Saturday, January 22, 2005

Much has been made of the inaugural address of George W. Bush. It seems intriguing that most of the press should be fawning over every little step, smile and gesture of the presidential entourage while people die elsewhere due to their wilful neglect. An interesting contrast is the op-ed piece, Dancing the War Away by Bob Herbert, January 21, 2005, NYT (free registration required), which does an excellent job of highlighting their remorseless demeanour during the festivities and the extent of their double talk during the past few days.
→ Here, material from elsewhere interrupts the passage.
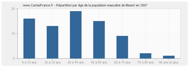 - Hommes de 30 à 44 ans habitant Bissert : 19
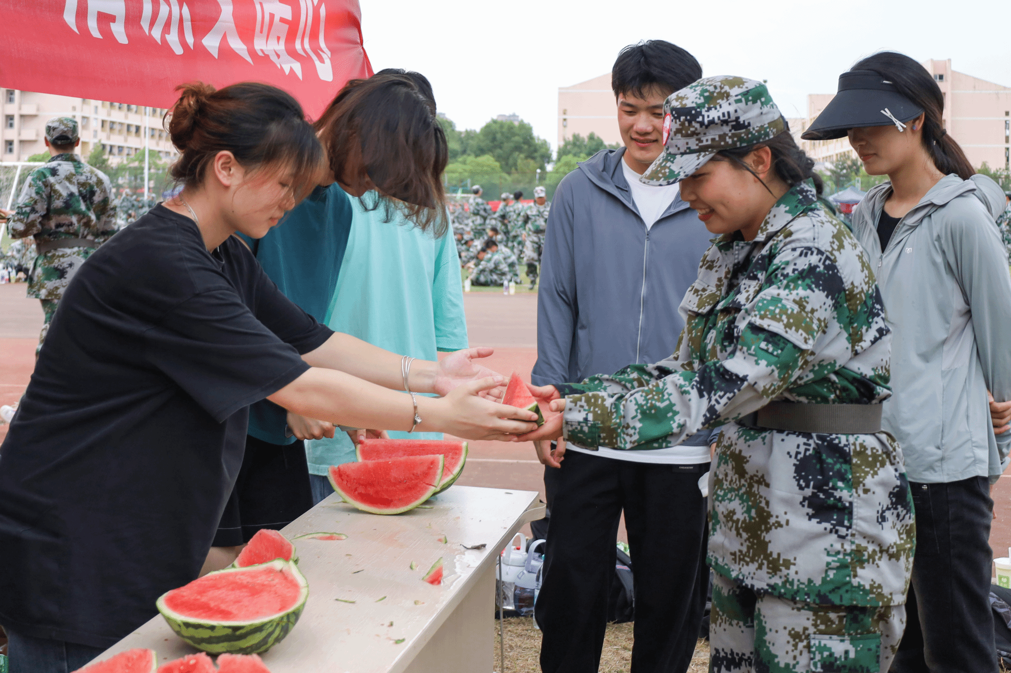 “西瓜是公认的‘解暑神器’,在军训期间为新生们送来西瓜和冷饮能够为他们消暑,缓解军训长时间暴晒的不适感。”单冠瑞表示,希望新生们能够感受到公司的关怀与学姐学长们的热情,将公司当作他们在公司里的“家”,以后每一年都能将这份持续了8年的温暖接续传递。(撰稿:罗佳琦 余胜兰 摄影:张素清 王安琦 审核:金忠良)

The media has often been complacent at times when difficult questions should be asked and complicit when conscientious objections should have been raised. Investigative journalism or muckraking as referred to by Theodore Roosevelt, has died many deaths since. In the same way that it felt betrayed after "helping" to get Roosevelt elected, current media has been labelled liberal and been all but excluded from presidential contact and its priveleges. But instead of protesting its exclusion, as the investigative journalists did during Roosevelt's time, media has tried to endear itself to the political powers by all but completely suffocating any critical or dissenting points of view. This form of self-censorship is far more effective than ex-Soviet or Chinese style overt censorship. Of course media refuses to see this because their salaries depend on selling themselves as free of bias. That should be the first reason to question their freedom from it.